Dans “The Copywriter’s Handbook – A Step-by-Step Guide to Writing Copy that sells”, l’auteur et copywriter Robert W. Bly prend l’exemple d’un crayon de papier :

« Un crayon est un cylindre en bois » vs « Peut être affuter autant de fois que possible pour écrire »

« Un cylindre est hexagonal » vs « Ne roule pas sur la table »

« Le crayon fait 0,7 centimètre de diamètre » vs « Une bonne prise en main »

Etc.

Être simple

Rédigez des phrases courtes et concises.

Rappelons que votre objectif est de faire passer un message et de convaincre. Si vous vous lancez dans des grandes tirades, vous perdrez votre lecteur.

« Nous savons que les phrases valent mieux que des paragraphes. Que deux alinéas valent mieux que cinq. Et que les mots simples valent mieux que les mots difficiles. C’est une question de largeur de bande : plus nous réduisons le volume d’information contenu dans une idée, plus celle-ci est adhésive. »

Extrait du livre « Made to Stick : Why Some Ideas Survive and Others Die » de Chip et Dan Heath. Éditions Modern Library.

Soyez également simple dans votre écriture. Vous n’êtes pas Proust, et heureusement. Votre contenu doit être compréhensible par tous. Écrivez comme vous parlez, en évitant le langage familier bien entendu.

Créer de l’émotion

Nos décisions sont principalement prises de manière émotionnelle. Ce sont nos émotions qui nous guident. Vient ensuite la logique.

Une bonne copy doit alors susciter de l’émotion.

Créez surtout de l’empathie. Montrez que vous comprenez le problème de votre lecteur.

N’hésitez pas à y mettre un peu de « chaleur » dans votre écriture pour établir une proximité avec votre lecteur. Se sentant plus proche de vous, il sera plus sensible à vos arguments et plus enclin à vous faire confiance.

Vous pouvez aussi jouer sur la peur…

Le FOMO pour Fear of Missing Out (la peur de passer à côté en français) est un concept très utilisé en copywriting.

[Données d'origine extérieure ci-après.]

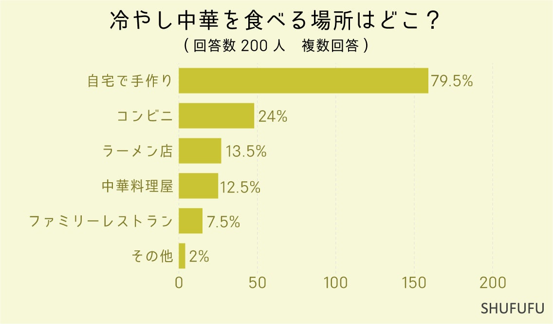 冷やし中華を食べる場所を尋ねたところ、1位は「自宅で手作り(79.5%)」、2位「コンビニ(24%)」となりました。8割近い方が「自宅で手作り」する結果になりました。スーパーなどでも麺を茹でてトッピングを乗せるだけで食べられる商品も売ってあるので簡単に作れて便利ですね。

Vous mettez en avant une opportunité à ne pas manquer. Exemple : « Profitez de -30% avant vendredi », « Stocks limités », « Essai gratuit pour les 500 premiers inscrits ». Attention, votre proposition doit être réelle. Ne bernez jamais votre cible.

Ou sur l’envie.

Utilisez le « Social Proof » ou la preuve sociale en français. Montrez que beaucoup de personnes ont acheté votre produit/service ou se sont inscrites à votre newsletter. L’être humain est ainsi, il veut faire comme tout le monde. Cette preuve sociale permet aussi de rassurer.

Exemple avec Alan :

Pour susciter plusieurs émotions à la fois, il existe une technique : le storytelling. Vous racontez une histoire.

  • Un début (tout va bien)
  • Un problème survient (olala)
  • Un personnage arrive mais n’arrive pas à régler le problème (oh non)
  • Vous arrivez à la rescousse et tout rentre dans l’ordre (ouf)
  • Une fin qui finit bien (chouette)

Ici, le lecteur passe par plusieurs émotions : inquiétude, soulagement, joie.

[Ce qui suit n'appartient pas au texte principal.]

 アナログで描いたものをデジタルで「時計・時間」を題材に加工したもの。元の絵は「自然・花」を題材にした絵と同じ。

Vous pouvez aussi raconter votre histoire pour susciter par exemple de la compassion. Montrez à votre lecteur que vous aussi, vous êtes passé par là, que vous avez eu le même problème que lui.

Éviter les fautes d’orthographe

De nombreux contenus contiennent encore des fautes d’orthographe et de grammaire. La langue française n’est pas simple – je m’arrache aussi les cheveux – mais un texte qui contient des fautes perd toute sa crédibilité.

Pour éviter cela, sachez qu’il existe des outils de correction. Parmi eux : MerciApp, Scribens et Reverso. Et pour l’anglais, vous avez Grammarly.

Autre tool pratique : le dictionnaire électronique des synonymes (Crisco)

Lire son contenu à voix haute

Une fois votre texte rédigé, lisez-le à voix haute. Vous verrez tout de suite si votre contenu est fluide. Si ça coince, réécrivez.

Copywriting : plusieurs méthodologies  

Il existe plusieurs frameworks permettant d’améliorer votre capacité de persuasion. En voici trois :

A.I.D.A

A.I.D.A est l’acronyme qui signifie Attention, Intérêt, Désir et Action.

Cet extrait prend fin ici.